On 30 June 2007
A reflection on conversations with my spiritual guide on 30 June 2007
1. On the Rule of Life
A community of people sharing life together in commitment to the Kingdom should not be too impetuous in setting out its rule of life. The focus of the community should rest on its concrete sharing of life together on a daily basis.
From this daily sharing of life will eventually emerge a pattern, a settledness, a stability with which the community exists and regulates itself. The collation of words that we gradually find to describe this daily pattern of stability is that which we call the rule of life.
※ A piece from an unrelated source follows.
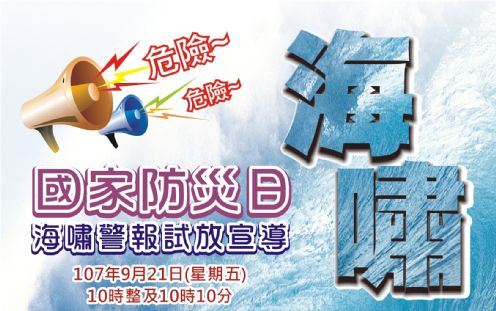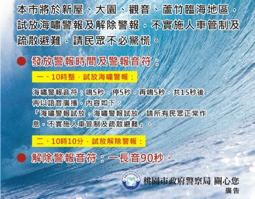 桃園市將於新屋、大園、觀音、蘆竹臨海地區,試放海嘯警報及解除警報,不實施人車管制及疏散避難,請民眾不必驚慌,發放警報時間及警報音符如下: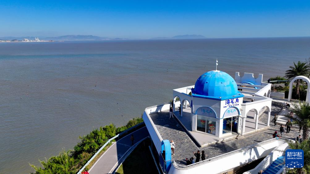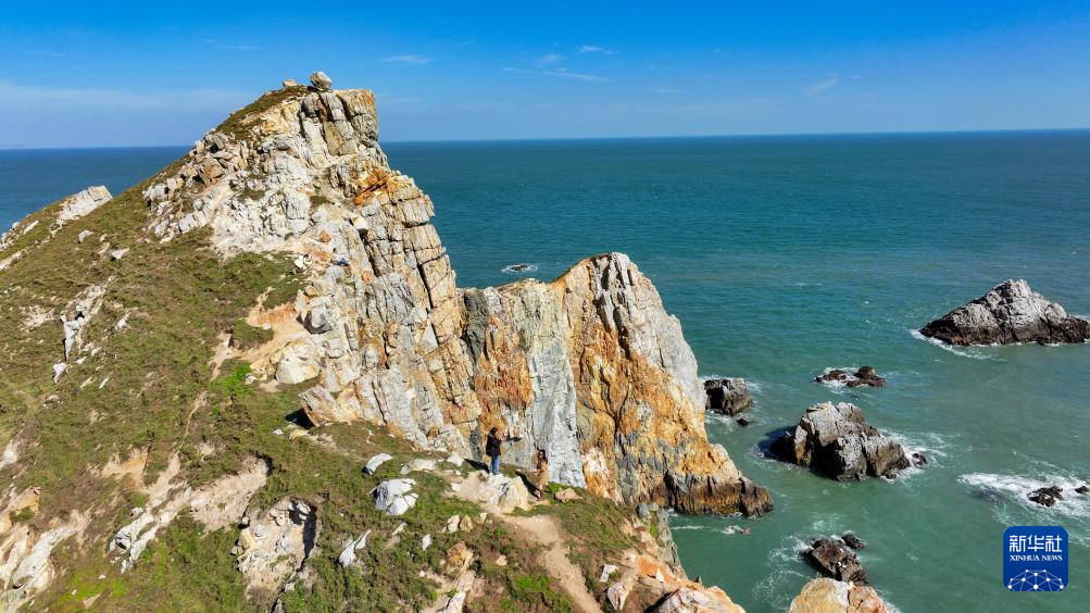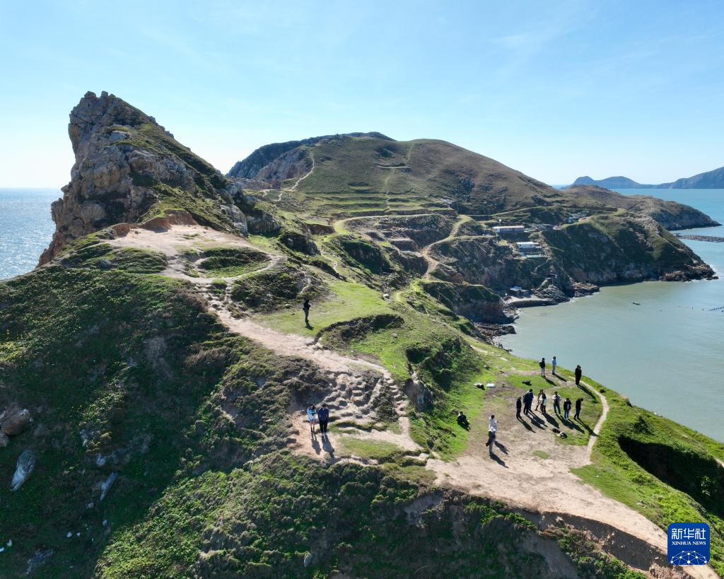 11月30日,游客在霞浦县“东海1号”观光道上的海尾角景点游玩(无人机照片)。

The rule of life cannot be externally imposed upon anyone who is not yet ready to accept it. Any new visitor spends a considerable season of time with the community as an observer and a learner. When the visitor finds himself attracted to the rule of life, it is for him to express a desire for a voluntary embrace of the community’s rule of life. Otherwise, the community continues to exist as a parable of the Kingdom for the visitor.
Upon the embrace of the community’s rule of life, the visitor becomes a brother. His life story becomes woven into the story of the community, integrating itself into the community’s being a parable.
2. On Speaking for the People of Asia
That which we know as Asian Theologies today has implicitly elitist undertones. They are written by people who have constructed theologies for the masses of Asia without first having consulted the masses. In thinking that they somehow know better, such theologies is written with the presupposition that they accurately reflect the struggle of the Asian peoples. No consent was sought from the masses to validate the written theology. In claiming their theologies to be liberating, they may have further marginalised those whom they sought to liberate.
A theology that is truly Asian would seek validation and legitimisation from the people it speaks about. Such a theology would take on a consultative tone and hopes to understand theologies that already form a part of the way the masses understand their world, and seeks to find the appropriate words to describe the experiences of the masses in as accurate a way as possible.
We need a new Asian theological method.